A select group of Afghans met a UN Security Council delegation in the village of Qalat in the volatile southern province of Zabul.
The delegation has been in Afghanistan since Saturday to review the progress and challenges facing the country. It plans to visit provincial cities in the north and south.
Kenzo Oshima, Japan's ambassador to the UN and head of the delegation, told the crowd of elders that the ongoing war against the militants will be won and the UN will stand by Afghanistan as it works to rebuild.
"The United Nations is determined not to fail in Afghanistan," he said. "We would like you to know that the United Nations stands with you."
Oshima said violence, poverty and illiteracy continue to plague Afghanistan, but the international community will help the country overcome these problems.
But not all of the elders were convinced.
They said the focus of the international community in Afghanistan should not be on fighting the Taliban but on reconstruction and that more financial aid is needed to bring stability to the country after decades of war.

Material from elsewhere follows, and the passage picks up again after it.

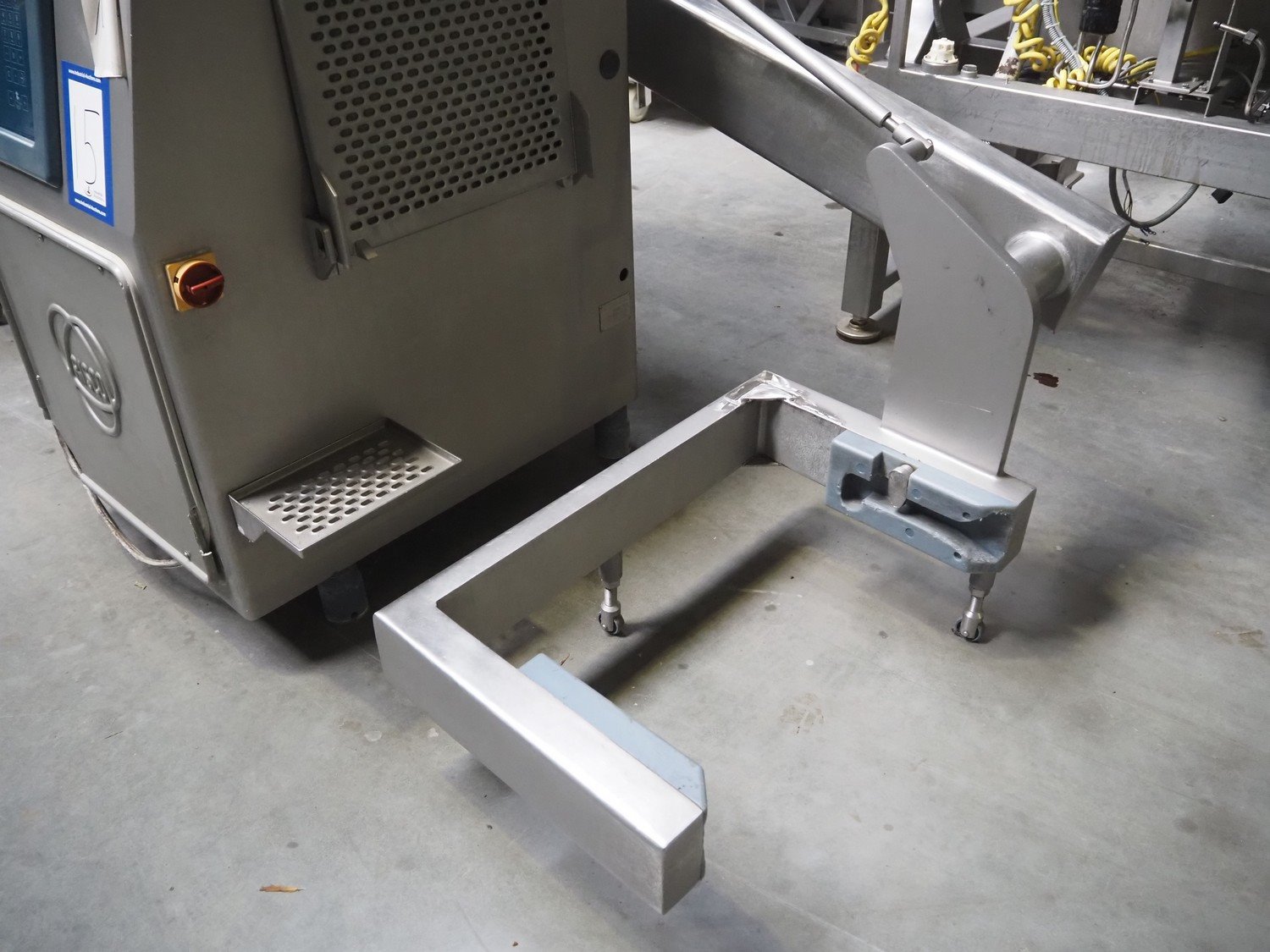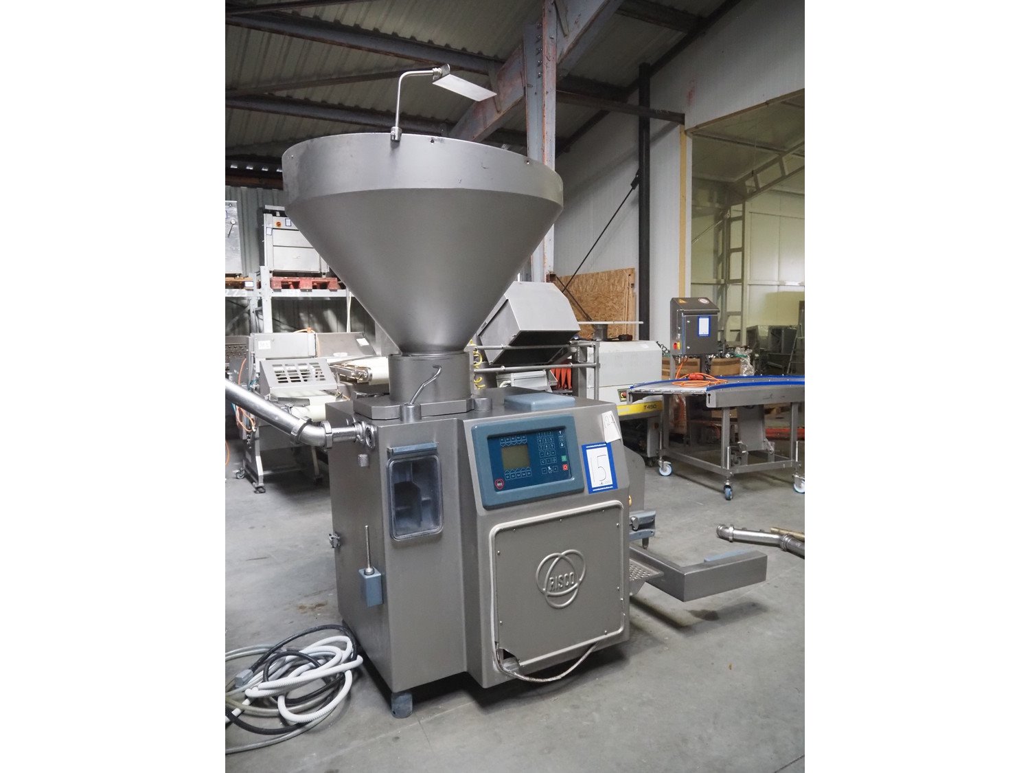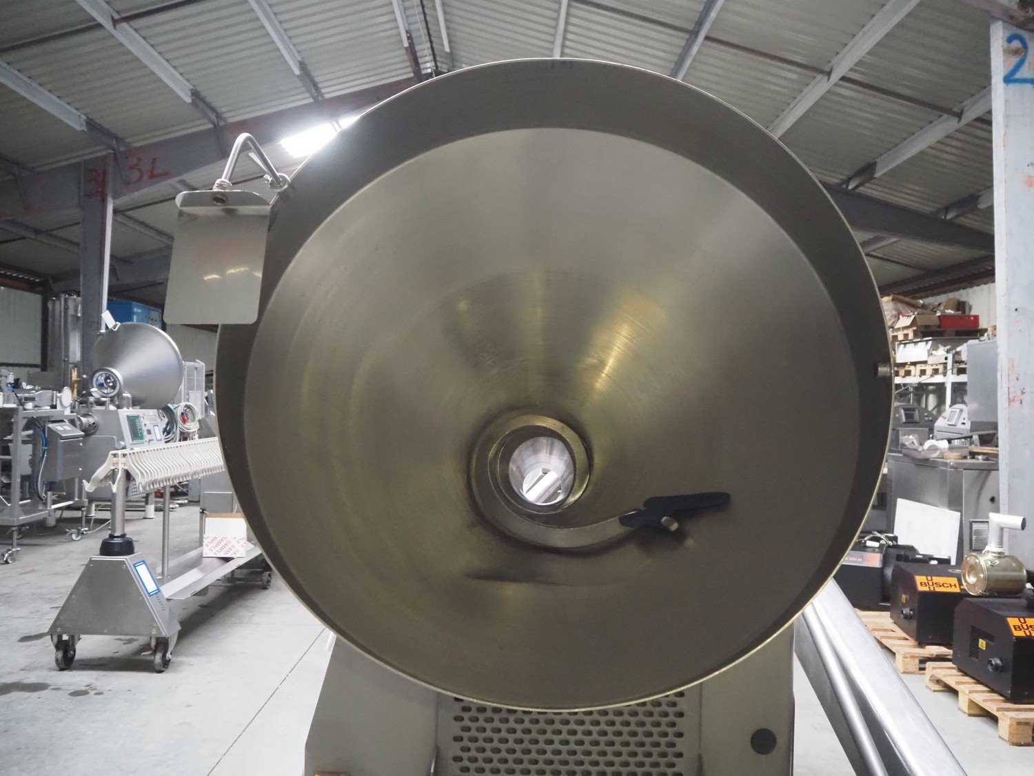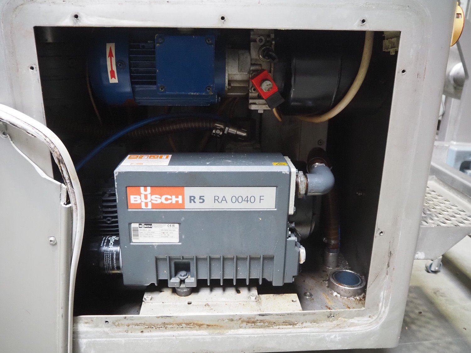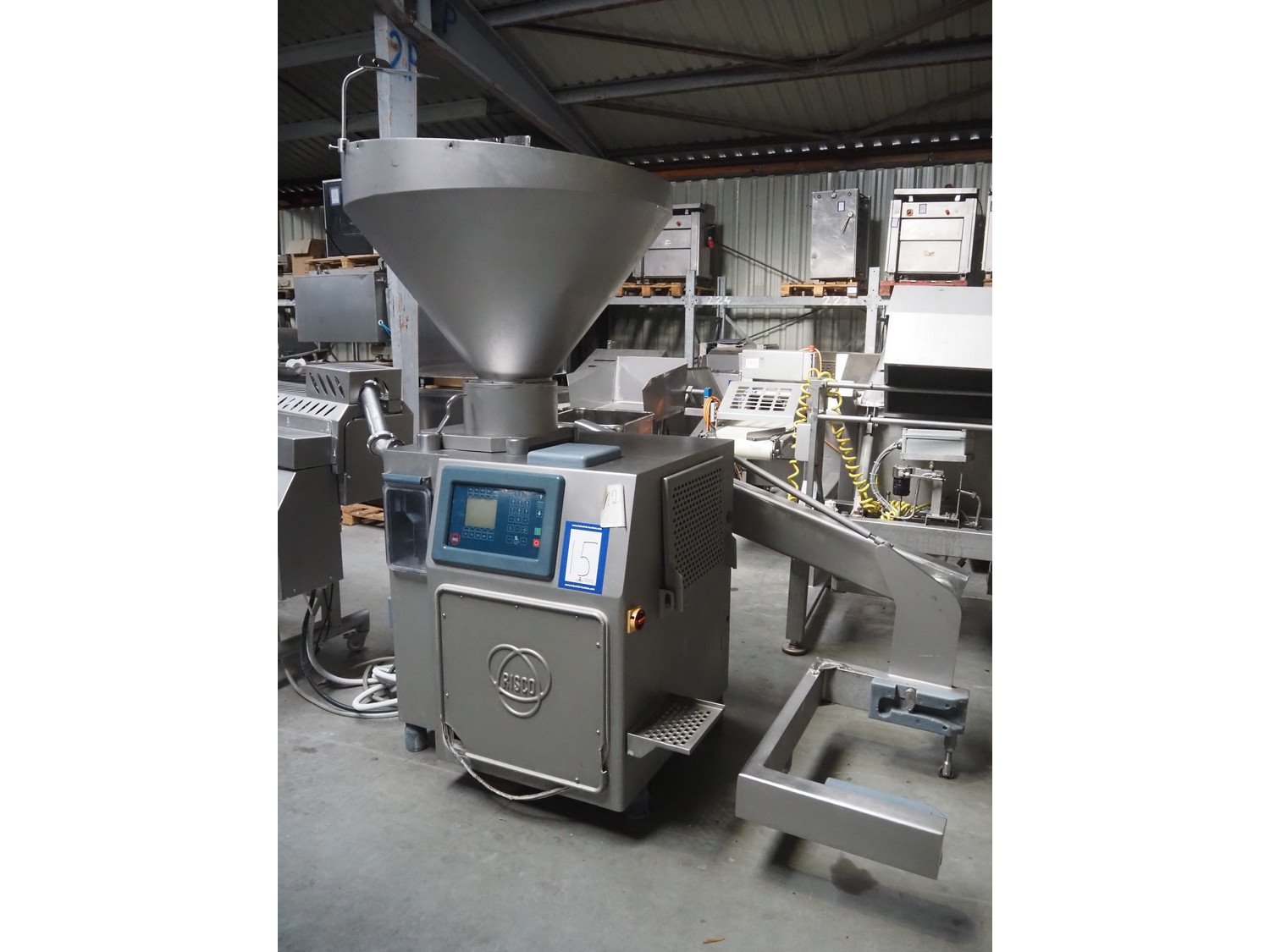 Risco S.p.A. vacuum filling machine with lifter for 200 liter meat bins, model: RS 503, serial number: C804001, year of construction: 2005, 400 V, 3 Ph, 50 Hz, 14 kW, weight: 1060, with Busch vacuum pump, type: RA 0040 F 503, serial number: DEM119231529, Vmax = 40 m³/h, total dimensions: 2000 mm x 1400 mm x 2300 mm. Including extra parts. Kavel locatie: Lipsko 241, 22-400 Zamość, Polen

Money should go into infrastructure, they said.
Earlier, the delegation toured a provincial reconstruction centre run by U.S. and Romanian soldiers. At the centre, local Afghans are being trained as police and paramedics.
The delegation also held a shura, or meeting, with Zabul's provincial governor and police chief.
In addition to Japan, the mission includes members from Argentina, Britain, Denmark, France, Greece, Qatar, Russia, Slovakia and the United States.
Country's advancements noted
At a news conference in Kabul, Oshima told reporters that Afghanistan has moved forward politically in the last five years. It now has a popularly elected president, a parliament and a supreme court. It also has more than five million children in school.
"We fully realize that this country faces daunting challenges," he said, but the UN is committed to ensuring the country succeeds.
"We are here this time to assure and to demonstrate the international community's strong, continued commitment to support Afghanistan in its reconstruction and peace consolidation," he said.
Oshima said the Afghan people must do their part as well, however, to improve the country.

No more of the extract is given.